Golding's failure, Jamaica the victim
The Editor, Sir:
The front page editorial 'A reckless day in Gordon House', is welcomed. It showed balance and even-handedness and was a departure from the shouting that often passes for analysis.
The Opposition is scared of its own action and judgment, and Bruce Golding's political manoeuvre was also at one, and the same time, bad governance. The prime minister has not done his home work. He failed to rally his troops in the service of the national security agenda. He rallied the troops recently and saved his political neck. But when the votes were required to ensure the Government's crime-fighting strategy remained intact, his ministers were (at least some of them) on a frolic of their own.

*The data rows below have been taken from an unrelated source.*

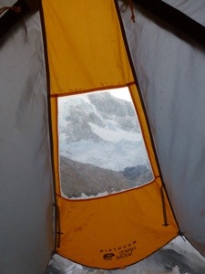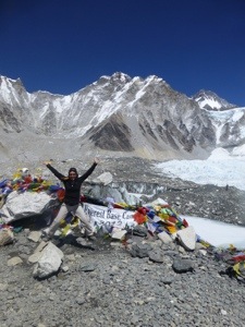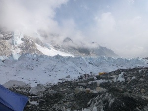Eventually we are rewarded with our first glimpse of Everest Base Camp (EBC). Tiny grapefruit yellow domes perch on the rock-strewn ice of the glacier. Behind lies the mini-mountain landscape of the notorious Khumbu Icefall, with irregular peaks like whipped eggs. This will be our home for the next three days. The camp is dwarfed by the peaks stretching their arms above and by the serrated glacier spilling out in front. Above everything is stretched the impossibly blue basin of the sky, a rich cornflower blue glowing with vitality. When we finally arrive at the canvas sign flapping in the breeze to mark the entrance to EBC it is an emotional moment. Hot tears spill in the cold air. We embrace, marvel, snap photos and then wend our weary way down the icy path to find the Xtreme Everest headquarters, delighted to have arrived, yet in the moment, scarcely able to comprehend it.
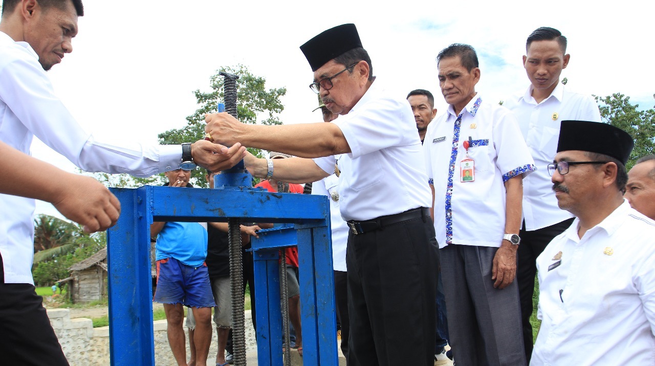 Wali Kota Palopo HM Judas Amir, meresmikan penggunaan Bendung Suplesi Sendana Daerah Irigasi Mawa, Kelurahan Sendana Kecamatan Sendana Kota Palopo, Rabu 7 Februari 2018.
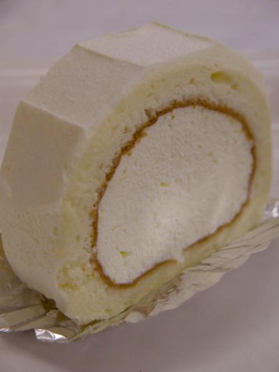 練乳ミルクのクリームを、白に近いふんわりケーキ生地で巻き、更に練乳ミルクのクリームで覆っている。
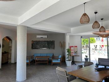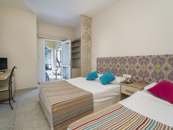 Ооочень чистый отель с ооочень приятным персоналом и ооочень вкусной едой. За эту цену это идеальный вариант. До пляжа два шага, пляж от отеля напротив, можно пользоваться шезлонгами. Если выйти на пляж, то направо пошла променадная дорожка с кучей симпатичных кафешек. Машину можно без проблем припарковать напротив отеля. Есть два бара, мороженко в определенное время, снэк, кроме обеда, поздний завтрак. Еда меняется и каждый день можно что-то новенькое найти. Вкусно все, большое спасибо поварам. И всей администрации спасибо за то, что в отеле чисто везде, даже в туалете возле бара. Ставлю 10 из 10.

The habit of the last couple of years, among the analysts on offer, has been to find and make excuses for the administration whenever things went wrong, as if the Opposition ipso facto has a duty to grandfather the Government. It is true, we need more mature approaches to the practice of politics. This is a lesson available to all democracies.
Hard-ball politics
We admire the USA and their brand of democracy but, to be accurate, in that jurisdiction, hard-ball politics is played by the political opposition and, that, even when their troops are at war. The duty is placed upon the sitting administration to govern in the national interest and to make such compromises, as are necessary, for their policy objectives to be realised.

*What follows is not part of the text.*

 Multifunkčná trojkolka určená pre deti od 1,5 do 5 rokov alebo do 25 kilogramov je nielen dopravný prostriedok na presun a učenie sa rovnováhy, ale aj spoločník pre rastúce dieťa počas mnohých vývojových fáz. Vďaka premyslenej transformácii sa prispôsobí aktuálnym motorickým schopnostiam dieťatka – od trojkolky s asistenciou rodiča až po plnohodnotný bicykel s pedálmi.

What I found refreshing about the editorial was that it appeared to me to be a break with past habits of passing the blame for Government failure on the Opposition. It is a step in the right direction. It was the failure by analysts to hold Golding accountable for his actions that facilitated the imbroglio that some call 'Dudusgate'.
The limited state of emergency was the policy measure the current administration intended to use as a part of its major crime-fighting effort. It has the numbers to put it through the Parliament. It ought to have the political experience to negotiate with the Opposition and accept the offer of 15 days, rather than allow itself to be forced to abandon the lynch pin of its crime-fighting strategy. The failure is Golding's failure, but the victim is Jamaica's national security.